Wednesday, November 12, 2014

DRIVERLESS CARS




Have you ever ridden in a driverless car? The idea has always seemed unreal, but today, the passengers in that car could be me and my husband.

Some partly "quasi" driverless "autonomous" cars date back to the 1920s and the 1930s. At the 1939 World's Fair, a street intersection in the City of the Future had autonomous cars. Since the 80's, significant advances have been made in technology and autonomous vehicles are being developed by Mercedes-Benz, General Motors, Nissan, Toyota, Audi, Volvo, as well as in Germany, Switzerland, and Google's project farm, in Frisco.

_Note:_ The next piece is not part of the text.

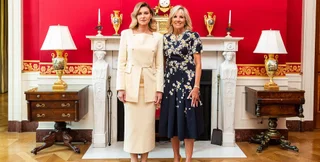Вместе с ней в Белый дом приехала посол Украины в США Оксана Маркарова. Для встречи она выбрала удлиненный жакет синего цвета и юбку миди в тон. Наряд посла дополняли сине-желтые ожерелье на шее и браслеты на руках.

Google's Self-Driving Car project created the robotic vehicle "Stanley," winning a $2 million prize from the U. S. Department of Defense. Meanwhile, Nevada, Florida, and California have passed laws permitting the operation of autonomous cars.

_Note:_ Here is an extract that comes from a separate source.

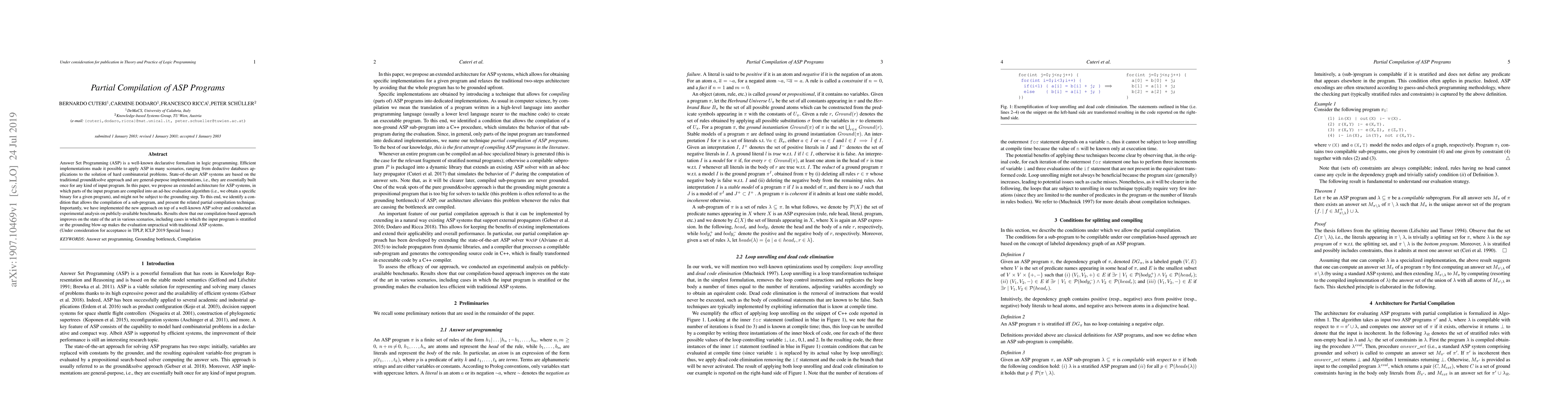 This paper proposes an extended architecture for Answer Set Programming (ASP) systems that compiles parts of the input program into specific evaluation algorithms, bypassing the traditional grounding step. The authors identify a condition for partial compilation and demonstrate improved performance over state-of-the-art general-purpose implementations on various benchmarks.

Currently, Google is working on a Toyota Prius that will have neither steering wheel nor pedals -- just  $150,000 in equipment including a $70,000 radar system, with a range finder that enables the vehicle to generate 3D maps that can be combined with other high-resolution maps of the world, and produce data that allow it to drive itself (or utilize computation from remote computer farms in the area.)
 
The Google test group is composed of ten cars, (six Toyota Prius, one Audi, and three Lexus' -- each car operates with a Google engineer in the passenger seat. They are being tested on San Francisco's steep hairpin turns, city traffic, on the Golden Gate Bridge, and around Lake Tahoe. The cars drive at the speed limit stored on its maps; they maintain their distance from other vehicles using sensors; the group has done over 700,000 accident-free miles. Though Google says it has no immediate plans to manufacture cars, it plans to develop a business which would market the system and the data behind it to automobile manufacturers.

"No immediate plans"-- hah -- that  means it's going to happen very soon.

I think I'd be nervous, traveling in a car without a driver, but this video tells  me it's going to be fun, safer than driving, and very convenient.